- **Aim of the task**: From the entries below, reproduce exactly the lines from the one with "In Stock Newborn" through the one with "ذِكْرُ عَمْرِو بْنِ", both included, without images.

- **Available data**:
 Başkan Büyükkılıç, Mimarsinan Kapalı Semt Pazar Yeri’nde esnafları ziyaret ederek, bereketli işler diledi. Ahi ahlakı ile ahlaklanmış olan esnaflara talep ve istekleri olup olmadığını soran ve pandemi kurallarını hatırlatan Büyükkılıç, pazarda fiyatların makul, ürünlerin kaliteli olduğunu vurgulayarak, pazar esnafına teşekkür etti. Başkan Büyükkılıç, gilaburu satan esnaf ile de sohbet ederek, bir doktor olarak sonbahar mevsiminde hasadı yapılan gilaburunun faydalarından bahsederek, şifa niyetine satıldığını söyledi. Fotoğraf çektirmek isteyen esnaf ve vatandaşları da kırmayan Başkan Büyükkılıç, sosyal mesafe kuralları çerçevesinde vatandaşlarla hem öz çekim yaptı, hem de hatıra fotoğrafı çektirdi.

==

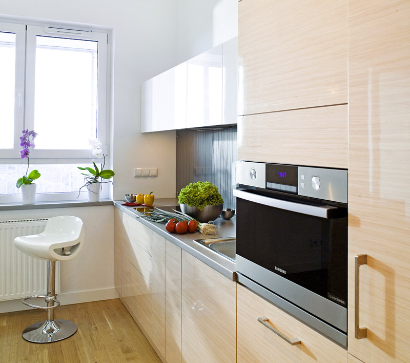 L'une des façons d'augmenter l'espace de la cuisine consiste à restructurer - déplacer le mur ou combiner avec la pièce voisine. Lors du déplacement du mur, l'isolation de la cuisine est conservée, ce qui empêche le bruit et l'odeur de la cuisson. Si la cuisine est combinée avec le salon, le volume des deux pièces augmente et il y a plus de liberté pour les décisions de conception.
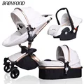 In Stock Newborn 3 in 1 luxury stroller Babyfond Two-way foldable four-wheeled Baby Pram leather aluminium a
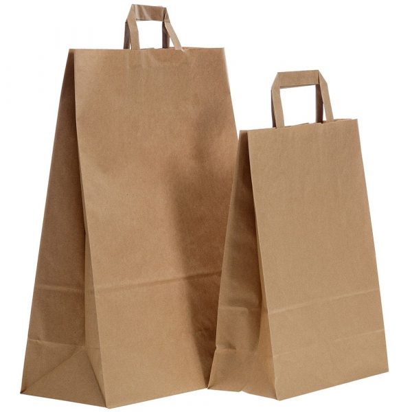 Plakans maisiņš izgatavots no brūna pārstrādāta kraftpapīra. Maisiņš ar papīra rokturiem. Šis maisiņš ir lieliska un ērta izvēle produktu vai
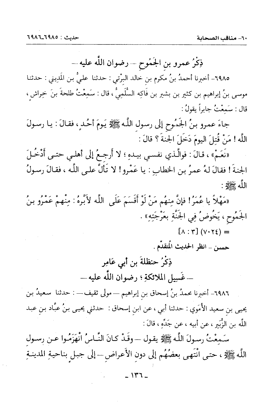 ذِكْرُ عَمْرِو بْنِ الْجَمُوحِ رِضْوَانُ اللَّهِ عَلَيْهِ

- **Response area**:
 In Stock Newborn 3 in 1 luxury stroller Babyfond Two-way foldable four-wheeled Baby Pram leather aluminium a
 Plakans maisiņš izgatavots no brūna pārstrādāta kraftpapīra. Maisiņš ar papīra rokturiem. Šis maisiņš ir lieliska un ērta izvēle produktu vai
 ذِكْرُ عَمْرِو بْنِ الْجَمُوحِ رِضْوَانُ اللَّهِ عَلَيْهِ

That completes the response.